If you believed everything you saw in the movies, you would think that a gunshot wound to the head almost always results in death. However, real-life data shows that 42% of victims survive penetrating head wounds. The 2011 shooting of Congresswoman Gabrielle Giffords provides a recent, high-profile example. For these people and their families, the health and economic burdens resulting from traumatic brain injury are immense. Restorative treatments aimed at helping people gain greater independence have the potential to greatly improve quality of life. Unfortunately, no effective, FDA-approved treatments exist, although some animal experiments have shown promise.
Drs. Ross Bullock, Shyam Gajavelli, and Marcus Spurlock, along with their team of researchers at The Miami Project, are evaluating the restorative potential of human neural stem cells in a rat model of head injury. After being transplanted near the area of damage within the brain, cells grew and developed in to neural cells, and some beneficial effects were seen in learning and memory. To rapidly translate their findings, a strong collaboration was established between the Miami Project, Walter Reed Army Research Institute, and Neuralstem Inc. Collaborators have already completed similar studies in larger animals, and safety profiles of the cells are being evaluated in relation to head injury. Since these particular human brain cells are already approved by the FDA for use in clinical trials for stroke, spinal cord injury and ALS, they could be moved more quickly to clinical trials for head injury patients.
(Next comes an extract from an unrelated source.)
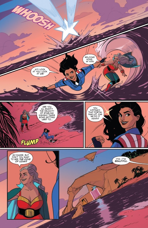 That kind of will and emotion is what makes the second act such a joy. Artists Stacey Lee and Flaviano and colorists Jordan Gibson and Chris O’Halloran do great work throughout the issue, creating dazzling settings and landscapes full of character, characters packed with clear emotion, and several cool-as-hell outfits for America, but it’s in this second act that they shine brightest, conveying the thrill and sheer joy America feels to be pushing the boundaries of her power with her grandmother, Madrimar.

Thus, this therapy has the potential to become a first in brain neurorestorative surgical treatment.
The study, published in the Journal of Neurotrauma, is entitled, Amelioration of penetrating ballistic-like brain injury induced cognitive deficits after neuronal differentiation of transplanted human neural stem cells, was led by Ross Bullock, M.D., Ph.D. These are the first data from the 4-year proof-of-concept research program, funded by the United States Department of Defense, for NSI-566 in traumatic brain injury.
“These data on NSI-566 are encouraging, particularly since researchers have long been challenged to achieve durable engraftment and survival of neural stem cells after transplantation,” said Dr. Bullock. “No long-term treatment beyond physical therapy is currently available to restore cognition after a traumatic brain injury. Transplantation of stem cells into the injured brain may allow a unique replacement therapy and fill a significant medical need.”
Researchers transplanted NSI-566 into rats 7-10 days after PBBI. The rats were immunosuppressed to enable survival of NSI-566 neural stem cells. Robust engraftment with evidence of prominent neuronal differentiation was observed after 4 months, and axons from grafted cells extended a significant distance from the graft site along host white matter tracts.
“These data continue to support our research and development platform. The results provide additional insight into our proprietary regionally specific stem cells and their potential benefits in nervous system disorders,” said Karl Johe, Ph.D., Chief Scientific Officer, Neuralstem. “We look forward to additional preclinical data from this collaboration with Dr. Bullock’s group to support the potential use of NSI-566 in traumatic brain injury.”